> [Task]: Print out every entry, keeping each line identical to the original.

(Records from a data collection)

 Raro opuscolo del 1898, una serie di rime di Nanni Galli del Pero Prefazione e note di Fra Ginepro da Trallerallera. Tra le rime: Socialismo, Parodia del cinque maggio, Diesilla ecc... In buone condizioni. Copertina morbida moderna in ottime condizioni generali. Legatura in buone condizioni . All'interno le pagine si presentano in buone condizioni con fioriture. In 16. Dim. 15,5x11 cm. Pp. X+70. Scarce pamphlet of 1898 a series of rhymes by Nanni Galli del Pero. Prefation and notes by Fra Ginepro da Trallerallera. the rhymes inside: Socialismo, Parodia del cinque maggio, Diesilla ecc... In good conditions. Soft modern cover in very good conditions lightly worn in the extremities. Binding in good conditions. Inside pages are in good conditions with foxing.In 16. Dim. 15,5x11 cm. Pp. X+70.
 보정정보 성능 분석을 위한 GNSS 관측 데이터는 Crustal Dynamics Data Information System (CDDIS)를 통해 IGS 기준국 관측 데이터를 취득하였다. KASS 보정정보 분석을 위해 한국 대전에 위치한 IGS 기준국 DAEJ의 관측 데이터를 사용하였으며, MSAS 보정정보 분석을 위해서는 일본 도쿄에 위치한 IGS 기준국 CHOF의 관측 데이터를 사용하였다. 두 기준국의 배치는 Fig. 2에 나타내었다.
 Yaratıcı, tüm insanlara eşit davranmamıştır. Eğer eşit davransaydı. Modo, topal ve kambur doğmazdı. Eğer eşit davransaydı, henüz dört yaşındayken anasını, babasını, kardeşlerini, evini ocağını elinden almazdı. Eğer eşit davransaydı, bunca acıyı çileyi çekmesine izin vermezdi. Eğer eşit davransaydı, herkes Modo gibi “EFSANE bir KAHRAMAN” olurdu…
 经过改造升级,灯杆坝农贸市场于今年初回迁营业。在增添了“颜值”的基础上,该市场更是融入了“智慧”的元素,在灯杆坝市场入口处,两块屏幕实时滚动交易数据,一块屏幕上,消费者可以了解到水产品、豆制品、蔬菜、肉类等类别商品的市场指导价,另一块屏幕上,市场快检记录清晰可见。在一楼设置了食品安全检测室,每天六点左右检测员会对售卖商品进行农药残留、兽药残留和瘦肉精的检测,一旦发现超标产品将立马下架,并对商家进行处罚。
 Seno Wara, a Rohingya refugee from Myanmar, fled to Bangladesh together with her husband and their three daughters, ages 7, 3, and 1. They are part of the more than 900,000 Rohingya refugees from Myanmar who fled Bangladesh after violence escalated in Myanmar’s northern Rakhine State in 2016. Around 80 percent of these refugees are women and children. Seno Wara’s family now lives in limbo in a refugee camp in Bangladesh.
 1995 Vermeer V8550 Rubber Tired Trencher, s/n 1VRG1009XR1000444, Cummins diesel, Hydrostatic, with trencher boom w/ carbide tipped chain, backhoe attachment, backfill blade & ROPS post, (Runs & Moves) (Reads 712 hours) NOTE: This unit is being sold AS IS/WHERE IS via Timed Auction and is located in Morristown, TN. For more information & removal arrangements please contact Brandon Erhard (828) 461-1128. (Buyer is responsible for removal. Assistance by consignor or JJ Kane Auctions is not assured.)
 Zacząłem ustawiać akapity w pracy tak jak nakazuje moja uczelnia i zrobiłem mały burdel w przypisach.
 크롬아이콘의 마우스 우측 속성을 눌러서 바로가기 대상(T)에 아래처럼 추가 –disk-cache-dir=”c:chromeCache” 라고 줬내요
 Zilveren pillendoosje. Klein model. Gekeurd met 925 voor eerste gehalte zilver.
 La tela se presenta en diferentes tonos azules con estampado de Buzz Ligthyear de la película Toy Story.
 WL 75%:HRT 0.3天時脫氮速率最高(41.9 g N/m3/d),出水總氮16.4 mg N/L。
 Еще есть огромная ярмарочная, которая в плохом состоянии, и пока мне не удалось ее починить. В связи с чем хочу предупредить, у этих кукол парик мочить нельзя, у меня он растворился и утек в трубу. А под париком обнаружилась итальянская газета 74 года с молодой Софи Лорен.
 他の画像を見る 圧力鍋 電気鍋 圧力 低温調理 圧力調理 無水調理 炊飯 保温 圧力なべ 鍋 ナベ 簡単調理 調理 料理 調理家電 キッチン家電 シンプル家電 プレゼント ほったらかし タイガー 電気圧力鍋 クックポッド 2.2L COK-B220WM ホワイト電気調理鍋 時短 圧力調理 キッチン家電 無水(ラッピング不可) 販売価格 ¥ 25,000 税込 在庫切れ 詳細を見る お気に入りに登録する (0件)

> [Answer section]:
 Raro opuscolo del 1898, una serie di rime di Nanni Galli del Pero Prefazione e note di Fra Ginepro da Trallerallera. Tra le rime: Socialismo, Parodia del cinque maggio, Diesilla ecc... In buone condizioni. Copertina morbida moderna in ottime condizioni generali. Legatura in buone condizioni . All'interno le pagine si presentano in buone condizioni con fioriture. In 16. Dim. 15,5x11 cm. Pp. X+70. Scarce pamphlet of 1898 a series of rhymes by Nanni Galli del Pero. Prefation and notes by Fra Ginepro da Trallerallera. the rhymes inside: Socialismo, Parodia del cinque maggio, Diesilla ecc... In good conditions. Soft modern cover in very good conditions lightly worn in the extremities. Binding in good conditions. Inside pages are in good conditions with foxing.In 16. Dim. 15,5x11 cm. Pp. X+70.
 보정정보 성능 분석을 위한 GNSS 관측 데이터는 Crustal Dynamics Data Information System (CDDIS)를 통해 IGS 기준국 관측 데이터를 취득하였다. KASS 보정정보 분석을 위해 한국 대전에 위치한 IGS 기준국 DAEJ의 관측 데이터를 사용하였으며, MSAS 보정정보 분석을 위해서는 일본 도쿄에 위치한 IGS 기준국 CHOF의 관측 데이터를 사용하였다. 두 기준국의 배치는 Fig. 2에 나타내었다.
 Yaratıcı, tüm insanlara eşit davranmamıştır. Eğer eşit davransaydı. Modo, topal ve kambur doğmazdı. Eğer eşit davransaydı, henüz dört yaşındayken anasını, babasını, kardeşlerini, evini ocağını elinden almazdı. Eğer eşit davransaydı, bunca acıyı çileyi çekmesine izin vermezdi. Eğer eşit davransaydı, herkes Modo gibi “EFSANE bir KAHRAMAN” olurdu…
 经过改造升级,灯杆坝农贸市场于今年初回迁营业。在增添了“颜值”的基础上,该市场更是融入了“智慧”的元素,在灯杆坝市场入口处,两块屏幕实时滚动交易数据,一块屏幕上,消费者可以了解到水产品、豆制品、蔬菜、肉类等类别商品的市场指导价,另一块屏幕上,市场快检记录清晰可见。在一楼设置了食品安全检测室,每天六点左右检测员会对售卖商品进行农药残留、兽药残留和瘦肉精的检测,一旦发现超标产品将立马下架,并对商家进行处罚。
 Seno Wara, a Rohingya refugee from Myanmar, fled to Bangladesh together with her husband and their three daughters, ages 7, 3, and 1. They are part of the more than 900,000 Rohingya refugees from Myanmar who fled Bangladesh after violence escalated in Myanmar’s northern Rakhine State in 2016. Around 80 percent of these refugees are women and children. Seno Wara’s family now lives in limbo in a refugee camp in Bangladesh.
 1995 Vermeer V8550 Rubber Tired Trencher, s/n 1VRG1009XR1000444, Cummins diesel, Hydrostatic, with trencher boom w/ carbide tipped chain, backhoe attachment, backfill blade & ROPS post, (Runs & Moves) (Reads 712 hours) NOTE: This unit is being sold AS IS/WHERE IS via Timed Auction and is located in Morristown, TN. For more information & removal arrangements please contact Brandon Erhard (828) 461-1128. (Buyer is responsible for removal. Assistance by consignor or JJ Kane Auctions is not assured.)
 Zacząłem ustawiać akapity w pracy tak jak nakazuje moja uczelnia i zrobiłem mały burdel w przypisach.
 크롬아이콘의 마우스 우측 속성을 눌러서 바로가기 대상(T)에 아래처럼 추가 –disk-cache-dir=”c:chromeCache” 라고 줬내요
 Zilveren pillendoosje. Klein model. Gekeurd met 925 voor eerste gehalte zilver.
 La tela se presenta en diferentes tonos azules con estampado de Buzz Ligthyear de la película Toy Story.
 WL 75%:HRT 0.3天時脫氮速率最高(41.9 g N/m3/d),出水總氮16.4 mg N/L。
 Еще есть огромная ярмарочная, которая в плохом состоянии, и пока мне не удалось ее починить. В связи с чем хочу предупредить, у этих кукол парик мочить нельзя, у меня он растворился и утек в трубу. А под париком обнаружилась итальянская газета 74 года с молодой Софи Лорен.
 他の画像を見る 圧力鍋 電気鍋 圧力 低温調理 圧力調理 無水調理 炊飯 保温 圧力なべ 鍋 ナベ 簡単調理 調理 料理 調理家電 キッチン家電 シンプル家電 プレゼント ほったらかし タイガー 電気圧力鍋 クックポッド 2.2L COK-B220WM ホワイト電気調理鍋 時短 圧力調理 キッチン家電 無水(ラッピング不可) 販売価格 ¥ 25,000 税込 在庫切れ 詳細を見る お気に入りに登録する (0件)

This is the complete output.